До начала лета ещё много дней, и они встречаются в укромных уголках замка, иногда бесцеремонно распугивая влюблённые парочки. Персиваль провожает его глазами, когда они видятся в коридоре: у одного сейчас Ритуалы коренных племён, у второго — Прорицания, а в перерыве, может быть — беглые жёсткие поцелуи как обещание встречи после занятий.
Вот это и есть любовь?.. — думает Персиваль. — Значит, она такая?..
Голова у него остаётся холодной и рассудительной, ее туманит
Это самое грустное. Больше в нём нет ничего.
Жерар — красивый, пустой и бессмысленный, как листик, упавший в ручей. Он прекрасно поёт и обожает танцевать, он играет в квиддич, целуется с девушками — и больше в этой жизни его ничего не интересует. Он говорит, что родители пристроят его куда-то. Говорит, что ему подобрали невесту и надеется, что она окажется симпатичной. Говорит, что думать о будущем скучно.

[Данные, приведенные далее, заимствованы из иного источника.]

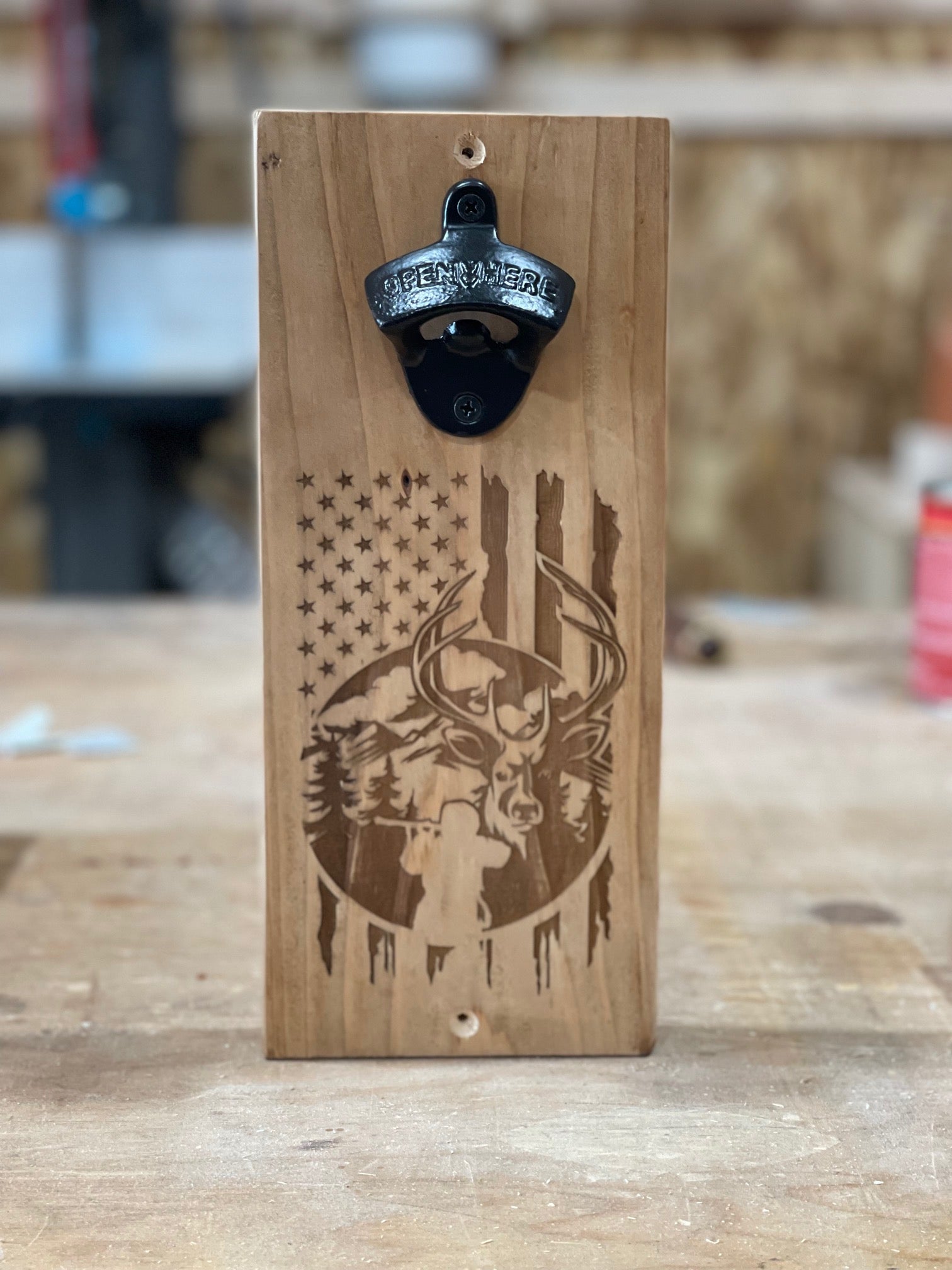 These bottle openers are made from abundant pine woods, and each one is laser engraved, assembled, stained and sanded by Alex directly here in West Haven, UT.

Не скучно ему только танцевать, летать на метле и трахаться.
Персиваль смотрит на него и думает — может быть, я чего-то не вижу?.. Может быть, это я не могу его понять, а на самом деле в нём есть глубина?.. Может, его лёгкость обманчива, может быть, он просто пока не решается пустить меня глубже?..
Как так может быть, что в совершенном теле нет совершенной личности?..
Нет, Жерар не дурак. Он не глуп, он отлично образован, у него прекрасные манеры. Но Персиваль заглядывает в его глаза и не видит там звёзд. Ни одной. Даже самой маленькой.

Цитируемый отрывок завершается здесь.